‘Dureń, idiota, ćwierćinteligent’
wyrzucał sobie przez cały czwartek. Marek Dobrzański najzwyczajniej w świecie
się bał. Odczuwał niepokój, że Ula po prostu nie przyjdzie. W minioną środę
w przypływie stresu, ale i euforii, że pojawiła się w jego domu, oczywiście zapomniał
poprosić ją o numer telefonu. ‘Trudno, jak nie przyjdzie zacznę od początku.

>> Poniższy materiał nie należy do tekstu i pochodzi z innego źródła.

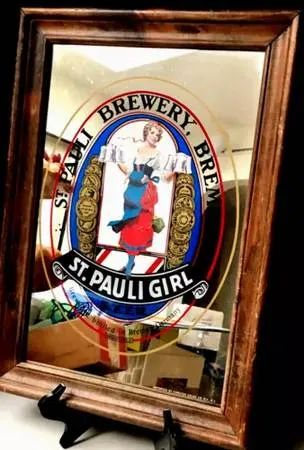 VTG St. Pauli Girl Mirror Sign * GENUINE 1975 ADVERT Brewery HAND ART 21 x 15 Rare Find,,,Beautiful German Beer Advertisement St. Pauli Girl 1975 poster/sign on Mirror Glass First introduced into select U.S. markets in 1965 expanded nationally by 1975 It Measures 21 High & 15 wide today St. Pauli Girl is the 2 German beer in America Great for Restaurant, Bar, Man-CAVE, Store ,etc CALL-dAVE 440-238-9570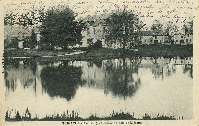 Le château du Bois de la Motte se situe sur la commune de Pleslin-Trigavou, dans les Côtes-d'Armor en Bretagne, au sud-ouest de l'ancienne paroisse de Trigavou, près de la D.2. L'ensemble — château, motte et chapelle — occupe une île au milieu d'un étang qui lui sert de douves. Le bâtiment principal se présente comme un long corps percé de rares fenêtres, doté d'un pavillon central plus élevé, coiffé à la mansart, qui abrite l'entrée. Ce pavillon conserve des ouvertures destinéess aux poutres qui actionnaient l'ancien pont-levis, remplacé depuis par un pont de pierre. La châtellenie fut érigée en bannière en 1433, puis élevée en marquisat en 1622 pour Jean (de Bellouan) d'Avaugour-Saint Laurent. Le château est inscrit au titre des monuments historiques par arrêté du 28 mai 1951. Des références sont consultables dans la base Mérimée (notice PA00089424) et sur les portails consacrés aux châteaux, aux Côtes-d'Armor et aux monuments historiques.

Będę próbował do skutku’ obiecał sobie. Cały czwartek i piątek przemierzał
firmowe korytarze, jak burza ciskając piorunami, a pracownicy, kiedy tylko mogli schodzili
mu z drogi. Jedynie Olszański odważył się zajrzeć w paszczę lwa i odwiedził
przyjaciela w porze lunchu.
- Siema stary, co ty taki
wściekły? – dopytywał wygodnie rozsiadając się na kanapie – Najpierw fundujesz
mega wyżerkę, a później opieprzasz każdego po kolei za pięć minut spóźnienia i
niewyraźny podpis.
- Umówiłem się na randkę –
Sebastian zrobił wielkie oczy
- Jest aż taka brzydka?
- Co? – burknął
- Pytam czy jest aż taka brzydka,
że wizja randki powoduje u ciebie stres i napięcie mięśni. Gdyby była piękna,
byłbyś teraz podniecony perspektywą udanego wieczoru, a nie wykluczone, że i
nocy – w zabawnym geście poruszał brwiami góra-dół. Marek wywrócił tylko oczami
- Boję się, że nie przyjdzie. A
ja nie mam jej numeru telefonu – rzekł jakby lekko zawstydzony
- No to powiedz wujkowi
Sebastianowi kogo wyrwałeś… Córkę Jagodzińskiego, czy tego reżysera? Jak jej
tam było, Arleta?
- Żadnej w wyżej wymienionych.
Poza tym nie chcę na razie o tym rozmawiać, żeby nie zapeszyć – uciął – Sorry,
ale robotę mam – spojrzał wymownie na stos dokumentów
- Kumam. To udanego wieczoru
gołąbeczku – Sebastian śmiejąc się głośno posłał mu powietrznego buziaka.
Dobrzański pokręcił tylko głową z powątpiewaniem.
Już trzeci raz poprawiał
ustawienie swojego kieliszka. Czas dłużył mu się niemiłosiernie. Po chwili jego
uwagę przykuły spinki przy mankietach. Kręcił nimi, dociskał. Musiał czymś
zająć ręce, bo wiedział, że za chwile zwariuje. Zarezerwował stolik dyskretnie
położony tuż przy oknie, nieco oddalony od głównej sali i wyjścia z kuchni. Wreszcie
się pojawiła. Uśmiechnął się w myślach stwierdzając, że dobrali się idealnie.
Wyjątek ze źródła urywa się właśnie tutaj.